To resolve the above problems in one stroke, Grintz takes אִישׁ יִשְׂרָאֵל as a technical term for “the leaders” of the community as such. (To support his conclusion, Grintz adduces the meaning “leaders” also in several other passages. I do not find that evidence convincing.) Unfortunately, Grintz’s conclusion does not account for the difference between the noun’s reference and its sense—that is, between those whom אִישׁ denotes and what it is predicating about them.
Yes, the use of singular אִישׁ points toward the communal leadership as a collective. But at this point in the story, the fact that they are leaders is presupposed; it goes without saying. What the term in question is framing that leadership body as representing Israel in an international parley. It casts that body situationally, as one side in that parley.
This situation-oriented construal of אִישׁ yields a more coherent text, for it is consistent with the co-referential term used later in the episode. And because it is based upon the noun’s usual and prototypical meaning, it obviates Grintz’s recourse to a technical term.
Similar collective usages of אִישׁ that profile one side of a parley as such are found in Judg 8:1; 15:10; 1 Sam 11:9; 2 Sam 19:15, 42–44.
As for rendering into English, the challenge is that Biblical Hebrew uses grammatical number to express a conceptual frame (which a speaker can then harness to make a pragmatic point) more extensively than English does. Although the same nuance in meaning is not conveyed in English directly in the same domain—that of grammar—it can be reflected in English lexically, via an idiomatic rendering. The NJPS rendering the men does not convey the conceptual or situational nuance.
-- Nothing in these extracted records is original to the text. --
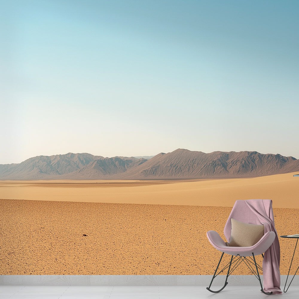 This desert landscape wallpaper captures the essence of nature's most serene vistas, where golden-hued plains stretch endlessly toward distant mountains. The composition balances warm terracotta sands against a soft blue sky, creating a harmonious panorama that speaks of vast open spaces. The minimalist desert mural showcases the subtle interplay of light and shadow across rolling dunes, offering a masterclass in natural geometry and earthen tones.
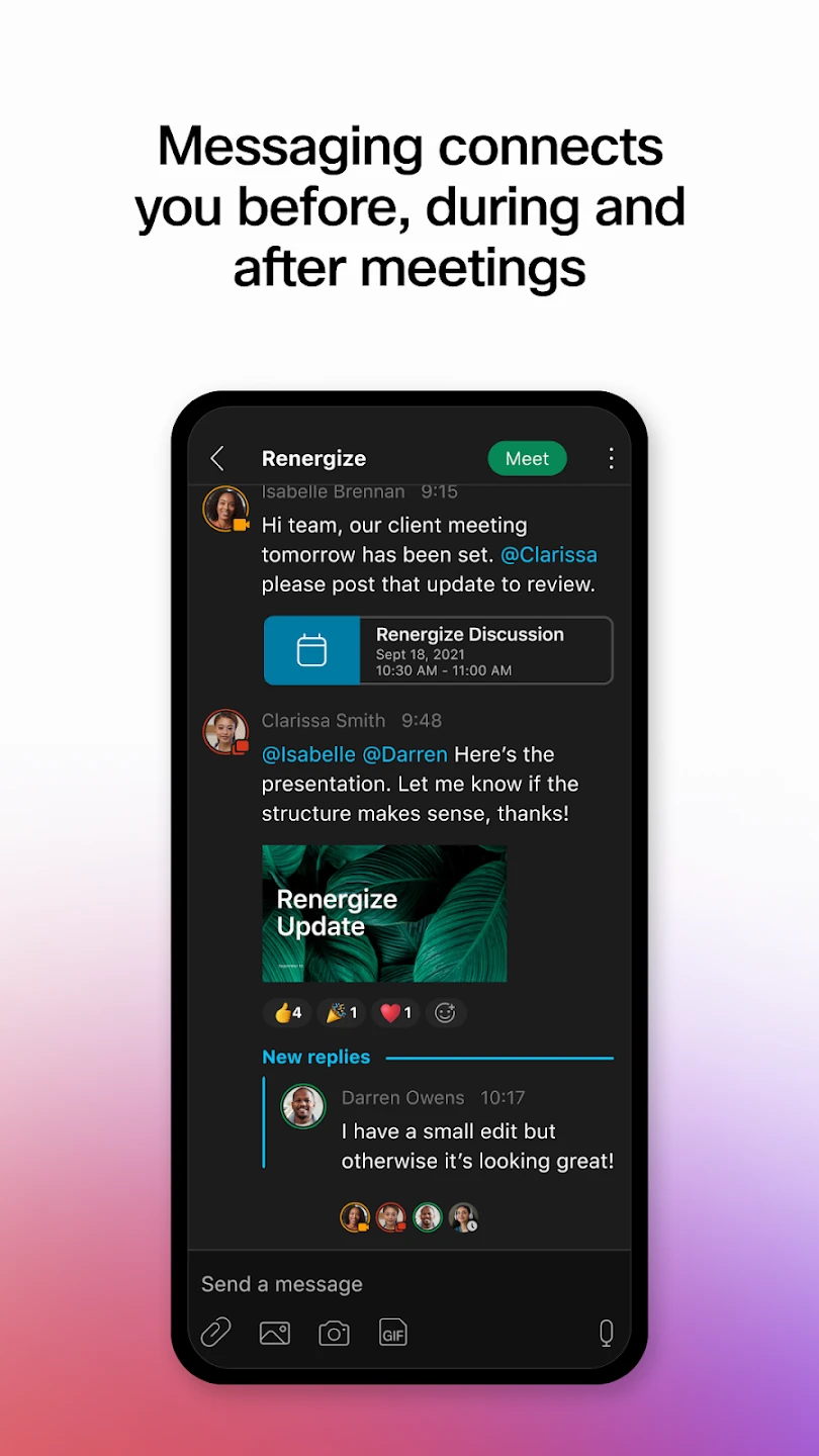 - Team Rooms: Organize virtual spaces for persistent conversations around specific projects, with dedicated spaces for different teams or workstreams. This setup fosters better context retention and reduces information overload by keeping work-related discussions organized.
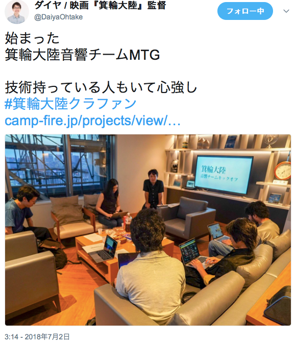 どうやら今日は、映画に欠かせない、音響チームのキックオフが都内某所で行われた模様。
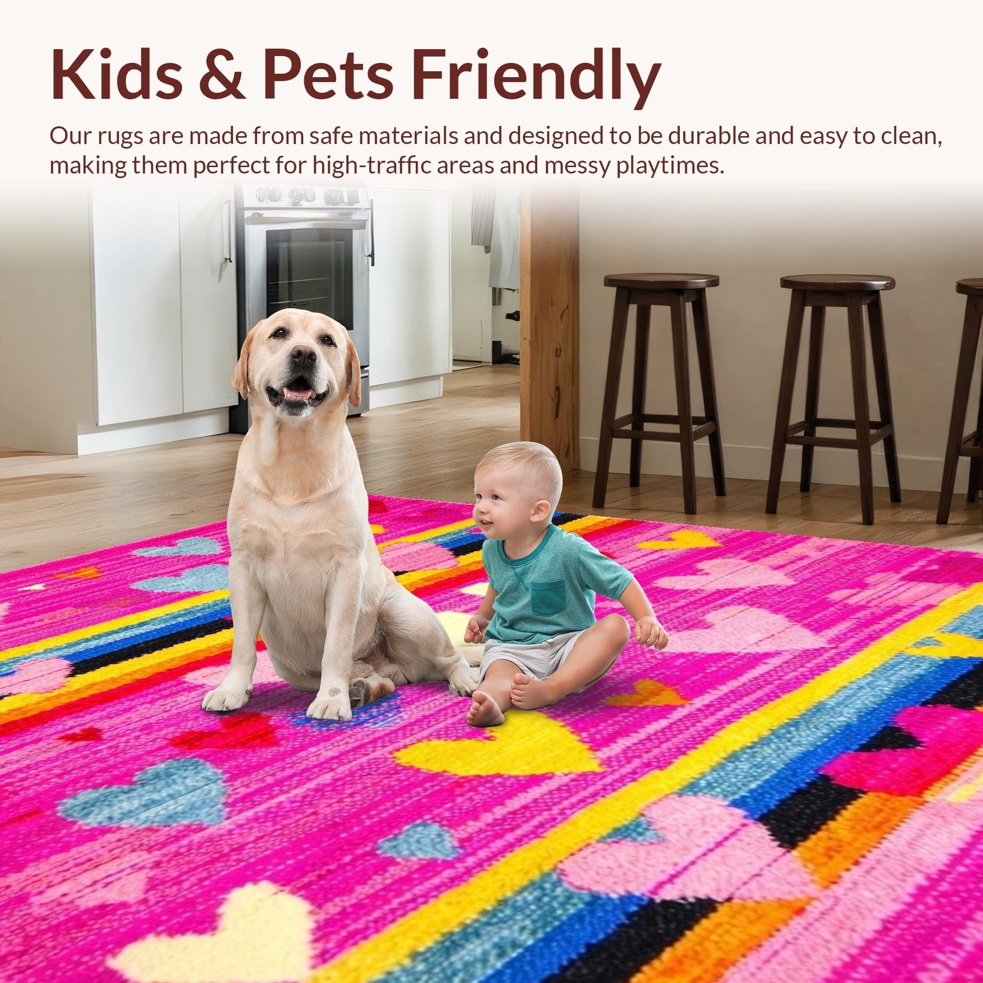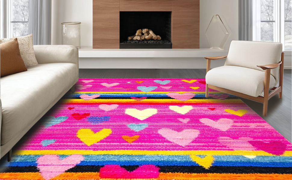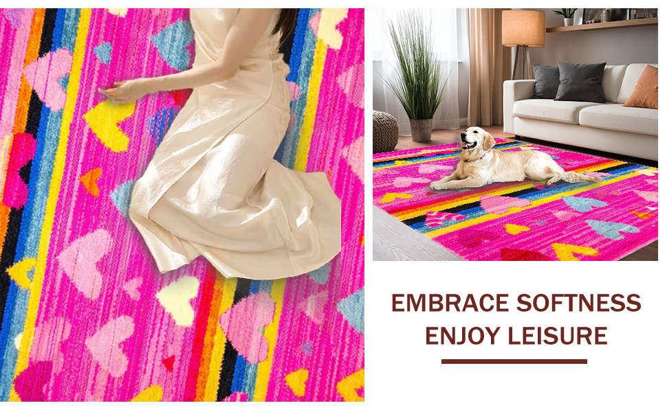 Ultra Soft Area Rug, Non Slip, Stain Resistant, Washable Area Rugs for Living Room, Bedroom, Bright Cheerful Magenta Pattern(Pink) Overview:

RJPS typically renders such instances of collective usage (and there about 70 of them) with a relational noun such as side. The latter encourages the audience to regard its referent in relationship to something larger than the referent itself. Indeed, in many of its biblical usages, אִישׁ has long been represented in English by (relational) role terms such as husband, warrior, subordinate, etc. Relational nouns are often the closest English equivalent to a situating function that operates on the discourse level of communication. (That being said, they cannot have the exact same cognitive and communicative impact as a situational noun, because the latter reflects a distinct conception that is processed more quickly by the mind.)